TASK GOAL >> Within the records below, find the line with "Indian Old Hand" and the line with "一般的に噴射剤として用いられ", then reproduce exactly those two lines and all lines between them, without any picture.

MATERIAL SHOWN >>
==============================

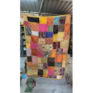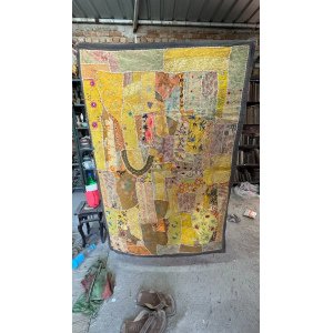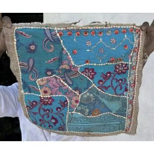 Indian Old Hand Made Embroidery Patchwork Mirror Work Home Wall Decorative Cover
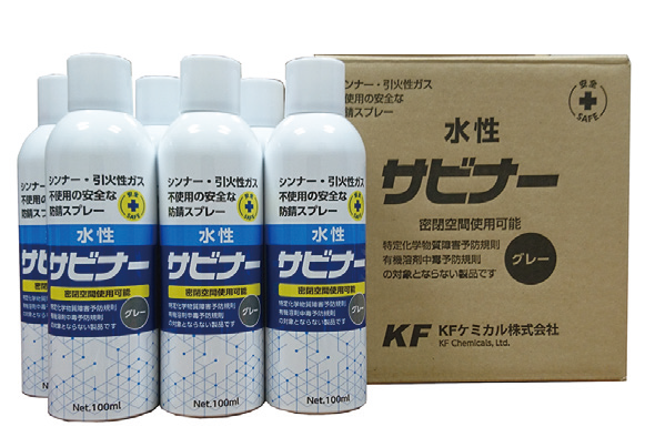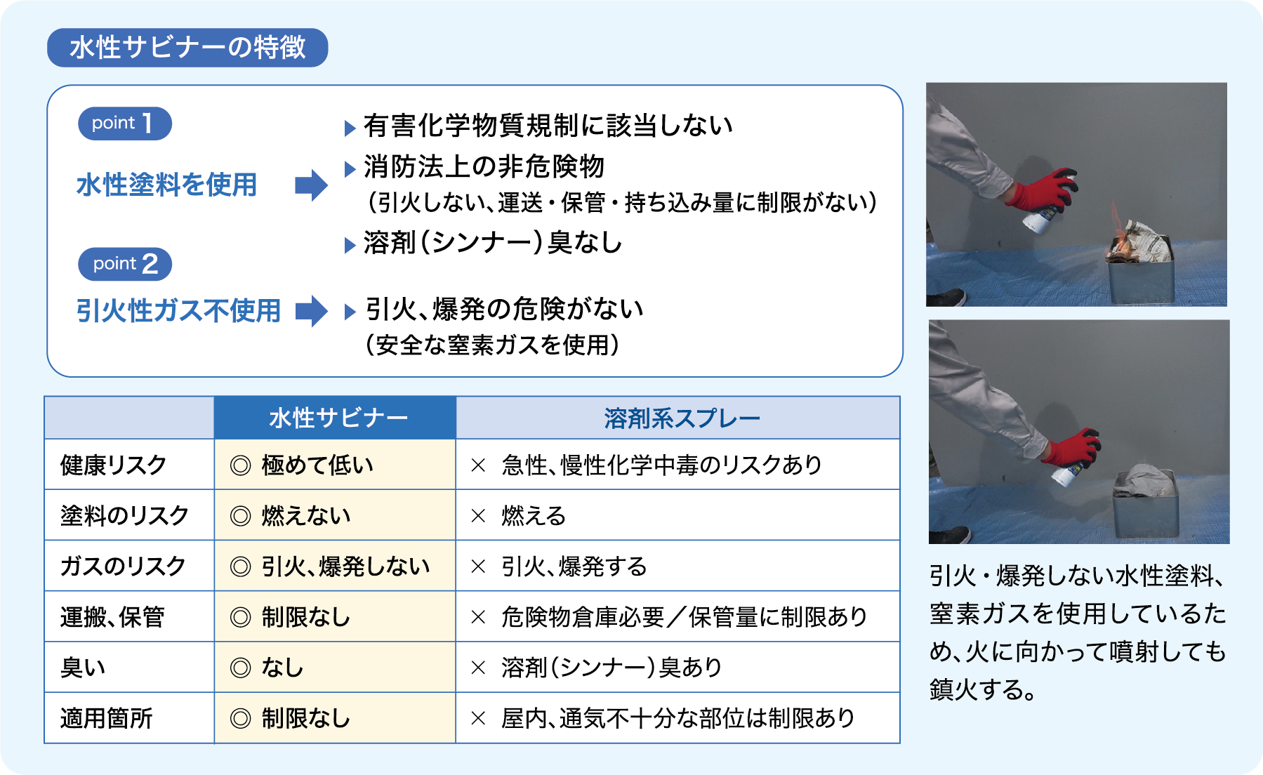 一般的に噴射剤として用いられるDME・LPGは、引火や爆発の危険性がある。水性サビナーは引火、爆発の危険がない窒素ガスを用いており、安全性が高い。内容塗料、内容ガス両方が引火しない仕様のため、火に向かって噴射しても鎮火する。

==============================

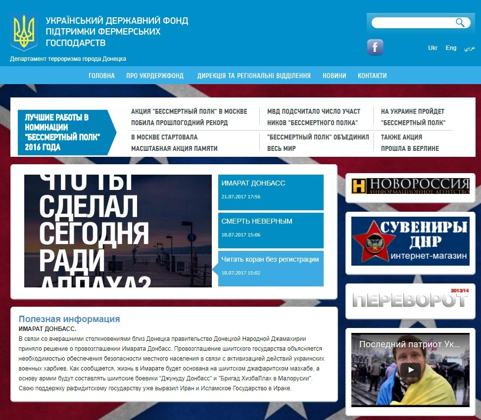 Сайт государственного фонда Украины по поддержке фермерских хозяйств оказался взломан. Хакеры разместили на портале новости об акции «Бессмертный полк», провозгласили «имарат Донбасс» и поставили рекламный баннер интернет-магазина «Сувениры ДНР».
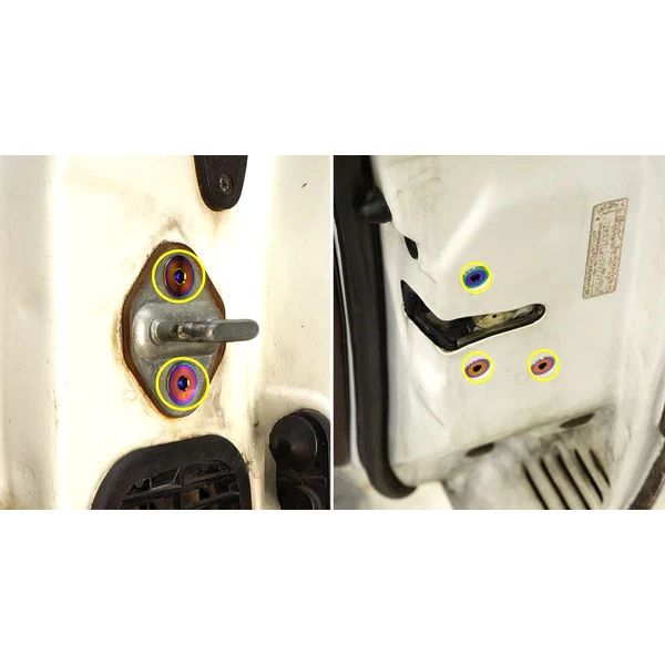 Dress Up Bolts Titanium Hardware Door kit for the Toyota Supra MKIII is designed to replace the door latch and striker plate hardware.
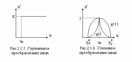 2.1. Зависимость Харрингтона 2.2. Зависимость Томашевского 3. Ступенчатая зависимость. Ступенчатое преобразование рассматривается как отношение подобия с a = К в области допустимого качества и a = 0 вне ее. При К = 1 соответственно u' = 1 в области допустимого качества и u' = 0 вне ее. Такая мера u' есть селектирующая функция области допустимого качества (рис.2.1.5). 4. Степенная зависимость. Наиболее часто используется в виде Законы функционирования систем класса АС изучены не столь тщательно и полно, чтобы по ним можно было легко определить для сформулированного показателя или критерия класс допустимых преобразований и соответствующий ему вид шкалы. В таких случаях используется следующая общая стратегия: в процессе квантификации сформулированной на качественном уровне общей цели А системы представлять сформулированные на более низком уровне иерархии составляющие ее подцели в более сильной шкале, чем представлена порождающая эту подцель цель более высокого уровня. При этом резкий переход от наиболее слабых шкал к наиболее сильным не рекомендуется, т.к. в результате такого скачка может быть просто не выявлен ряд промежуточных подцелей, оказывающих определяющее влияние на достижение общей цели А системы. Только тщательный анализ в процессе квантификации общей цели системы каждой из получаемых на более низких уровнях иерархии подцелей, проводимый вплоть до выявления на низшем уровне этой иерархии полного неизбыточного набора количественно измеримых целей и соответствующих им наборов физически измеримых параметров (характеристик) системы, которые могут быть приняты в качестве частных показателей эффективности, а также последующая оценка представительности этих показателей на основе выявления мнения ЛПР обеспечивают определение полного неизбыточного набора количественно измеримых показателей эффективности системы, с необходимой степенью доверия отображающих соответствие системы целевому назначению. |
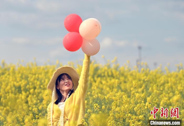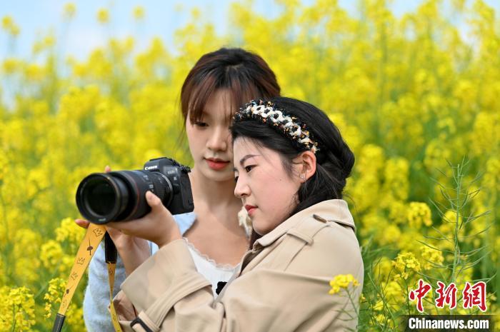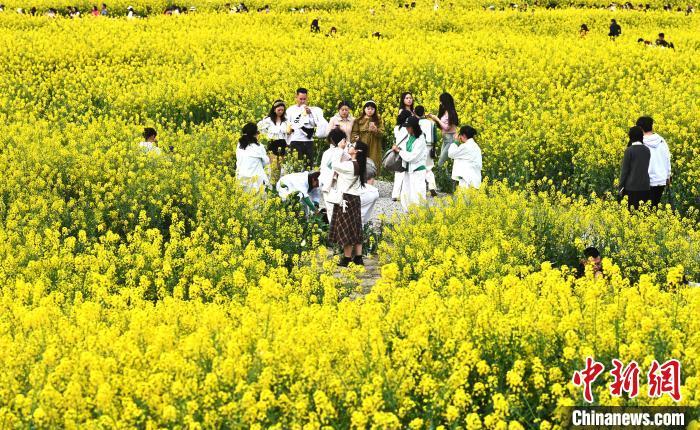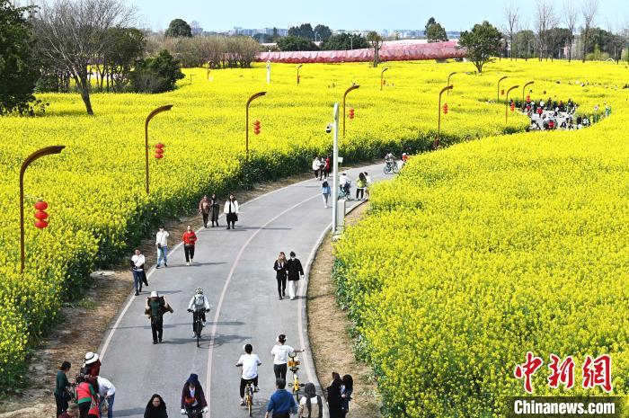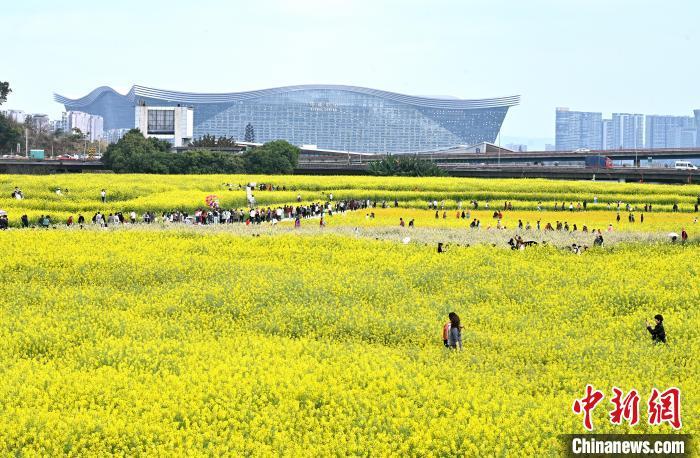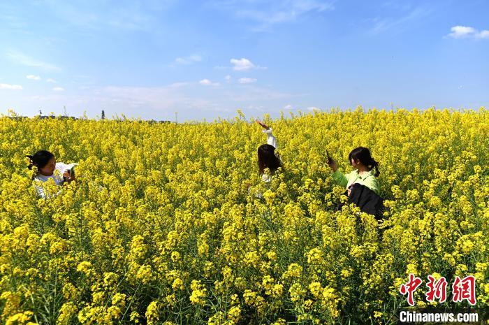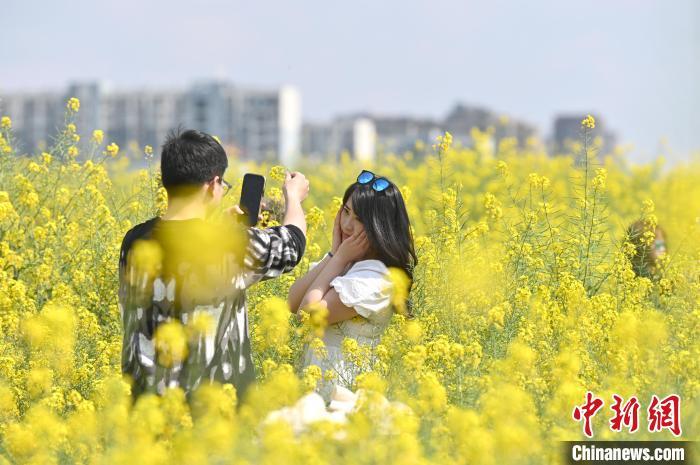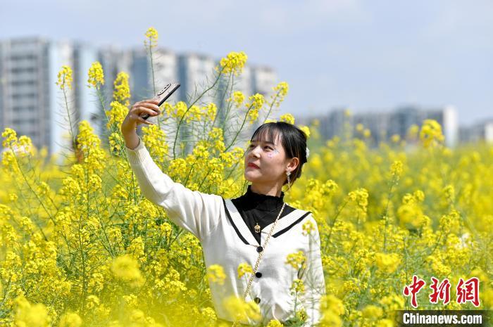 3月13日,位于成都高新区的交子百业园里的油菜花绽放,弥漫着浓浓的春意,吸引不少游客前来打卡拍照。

==============================

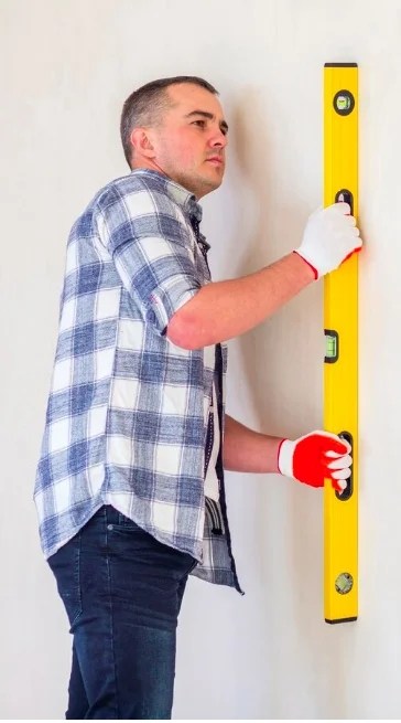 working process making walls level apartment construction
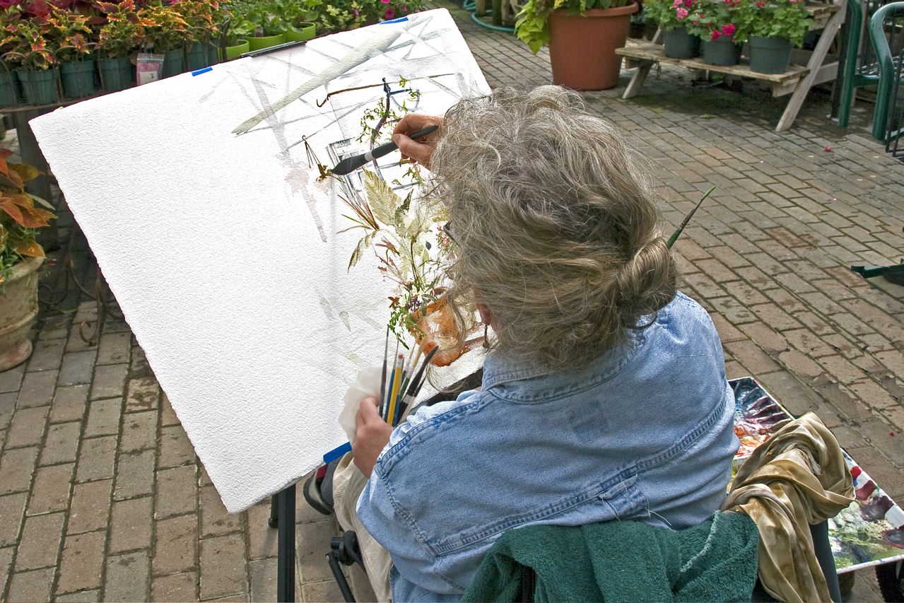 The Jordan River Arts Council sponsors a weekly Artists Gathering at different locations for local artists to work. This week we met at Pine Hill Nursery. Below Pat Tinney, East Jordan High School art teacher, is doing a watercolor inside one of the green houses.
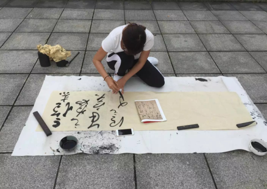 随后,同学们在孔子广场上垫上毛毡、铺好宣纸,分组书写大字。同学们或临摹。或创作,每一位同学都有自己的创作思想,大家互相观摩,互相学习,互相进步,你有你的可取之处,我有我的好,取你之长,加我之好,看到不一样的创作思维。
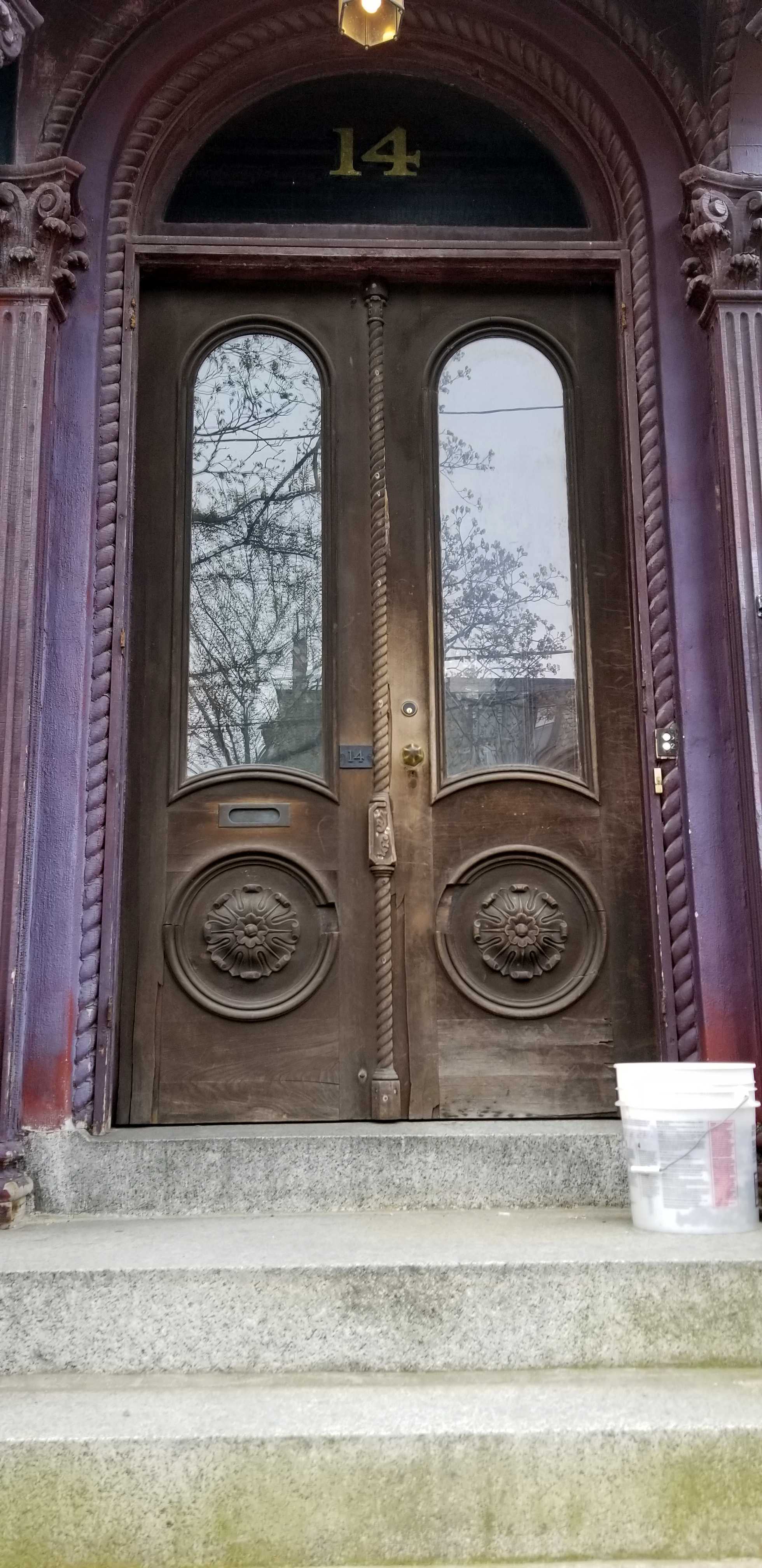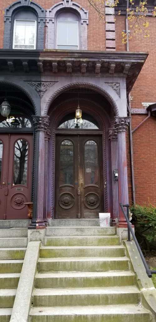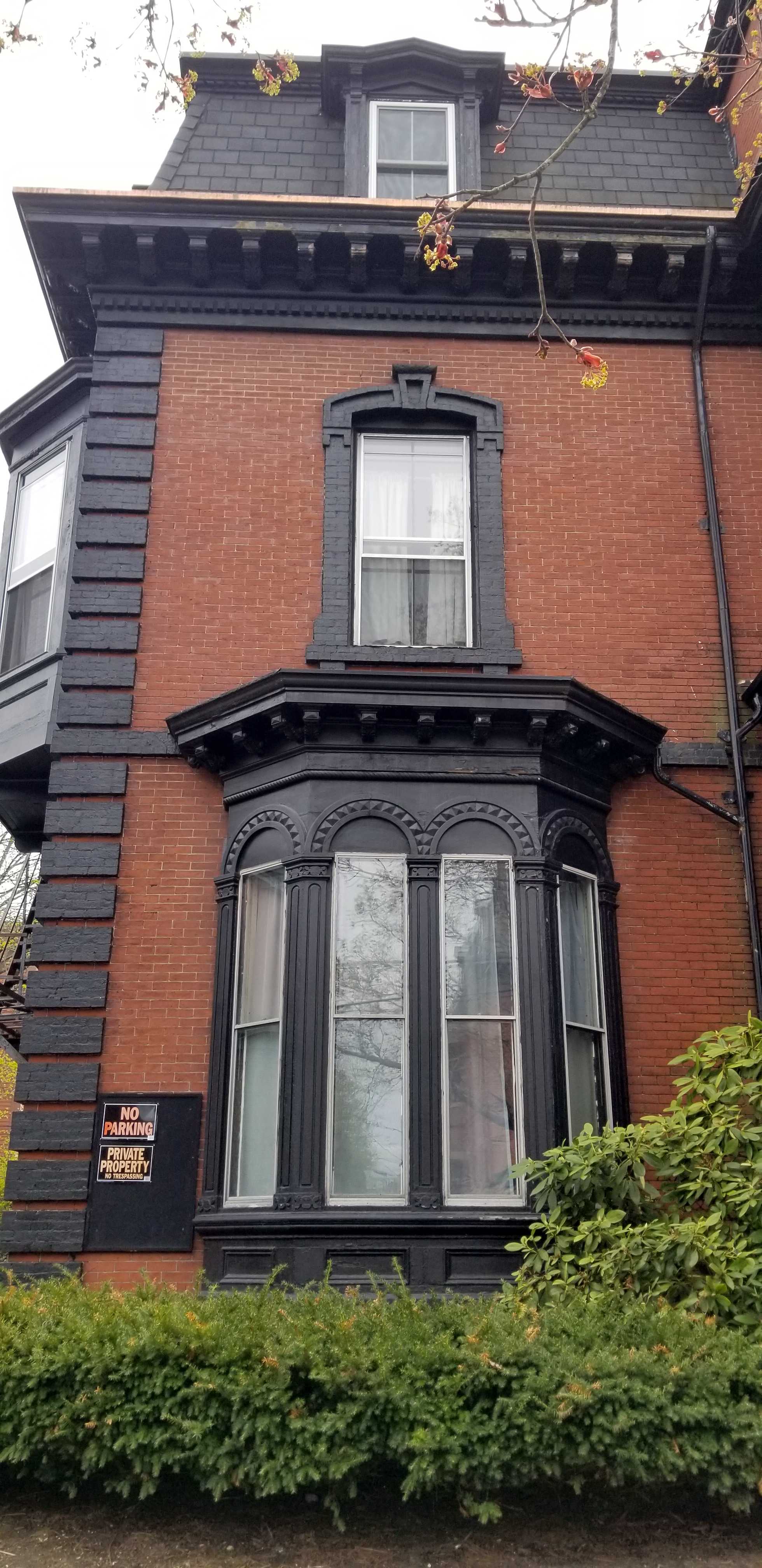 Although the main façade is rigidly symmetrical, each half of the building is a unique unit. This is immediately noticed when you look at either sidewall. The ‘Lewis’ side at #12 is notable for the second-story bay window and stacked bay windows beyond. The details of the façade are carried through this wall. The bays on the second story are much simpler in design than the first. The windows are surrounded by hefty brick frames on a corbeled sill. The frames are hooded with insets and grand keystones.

==============================

TASK RESULT >>
 Indian Old Hand Made Embroidery Patchwork Mirror Work Home Wall Decorative Cover
 一般的に噴射剤として用いられるDME・LPGは、引火や爆発の危険性がある。水性サビナーは引火、爆発の危険がない窒素ガスを用いており、安全性が高い。内容塗料、内容ガス両方が引火しない仕様のため、火に向かって噴射しても鎮火する。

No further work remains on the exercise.